In der Anlage wird das „Verfahren zur Landschaftsbildbewertung im Zuge der Ersatzgeld-Ermittlung für Ein griffe in das Landschaftsbilddurch den Bau von Windenergieanlagen“ erläutert.

Sollten durch Repowering ältere WEA zurück-gebaut, oder Kompensationsmaßnahmen im Untersuchungsraum durchgeführt werden, welche zu einer nachhaltigen Gliederung und Anreicherung des Landschaftsbildes beitragen, können diese abweichend vom Regelfall auch den Eingriff in das Schutzgut Landschaft und damit das Ersatzgeld reduzieren. Besonders der Rückbau älterer WEA stellt gemäß Erlass eine erhebliche Entlastung des Naturhaushaltes und des Landschaftsbildes dar. Für die zurück zu bauenden WEA wird daher nach gleichem Verfahren ein fiktives „Ersatzgeld“ errechnet, welches dann von dem Kompensationserfordernis der neuen WEA subtrahiert wird.

Der neue Windenergieerlass standardisiert und konkretisiert das Verfahren der Landschaftsbildbewertung und gibt eine klare Vorgehensweise zur Ermittlung des Ersatzgeldes für Eingriffe in das Schutzgut Landschaft durch den Bau von WEA vor. Es wird herausgestellt, dass Eingriffe in das Landschaftsbild durch den Bau von WEA in der Regel nicht real kompensierbar sind.

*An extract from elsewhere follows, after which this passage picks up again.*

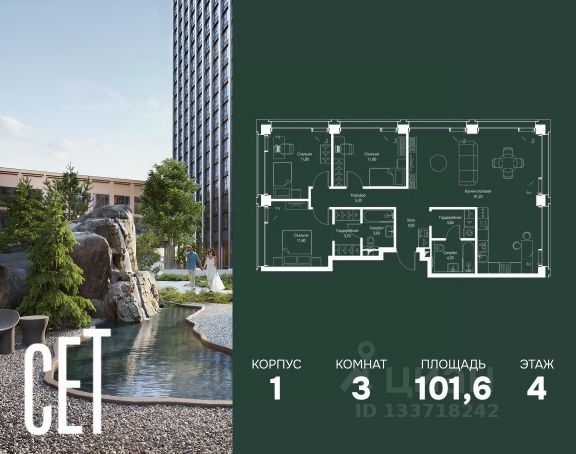 Прямая продажа от застройщика. В ЖК Сет продается 3-комнатная квартира площадью 101.60 м², расположенная в корпусе 1, на 4 этаже 18 этажного дома. Сет имеет стратегически выгодное расположение в ЗАО, в районе с большой историей и блестящим будущим: между природной зоной долины реки Сетунь и Кутузовским проспектом. В рамках возведения первой очереди предусмотрено три корпуса высотой 18, 45 и 59 этажей. На верхних этажах спроектированы общедоступные смотровые площадки с панорамным обзором на центр столицы. Преимущества проекта: • Функциональные планировочные решения • Контроль проникновения через входную дверь • Система управления освещением и температурой в квартире • Система защиты от протечек с функцией перекрытия воды • Вход в подъезд по биометрическим считывателям Face ID • Скоростные лифты • Двухуровневый подземный охраняемый паркинг на 495 машино-мест Застройка Сет включает в себя не только жилые корпуса, но и инфраструктурные объекты. Все необходимое для повседневного комфорта будет расположено в шаговой доступности: • Фитнес-Клуб с бассейном • Ведущая городская школа, детский сад и школа искусств • Центр культуры и досуга • Медицинский центр • Кафе и рестораны Расположение комплекса: Пешком: • Метро "Давыдково" - 17 минут • Парк "Долина реки Сетунь" - 3 минуты • Открытие новых станций метро в шаговой доступности в будущем Инфраструктура: Разнообразить свой день резиденты Веер смогут также проводя больше времени на свежем воздухе. Двор разделен на 4 зоны разных эмоций и действий, которые пересечены и соединены веерными прогулочными маршрутами: • Спортивная площадка устроена в глубине "Кленовой рощи" • В "Чайном домике" будет создан навес с утеплением для отдыха в любую погоду • Площадки для детей воплотятся в "Волшебный лес" с цветами, зеркалами и световым дизайном • "Центральная площадь" устроена у водного оазиса живописного пруда. На машине: • "Москва-Сити" - 15 минут • Садовое кольцо - 20 минут • ТЦ "Океания" - 8 минут • ТЦ "Времена года" - 13 минут • Сколково - 12 минут • Гребной канал - 17 минут Компания MR предлагает своим клиентам специальные условия приобретения квартир в рамках программ ипотечного кредитования от банков-партнеров.

Der Erlass bietet dennoch die sinnvolle Möglichkeit, das Ersatzgeld für den Bau von WEA durch geeignete Kompensationsmaßnahmen oder den Rückbau von Altanlagen zu reduzieren. Durch das landesweit standardisierte Bewertungsverfahren sowie das einheitliche Vorgehen zur Ermittlung des Ersatzgeldes gelingt es, mit dem neuen Windenergieerlass eine objektivere Vorgehensweise bei der Landschaftsbildbewertung zu etablieren.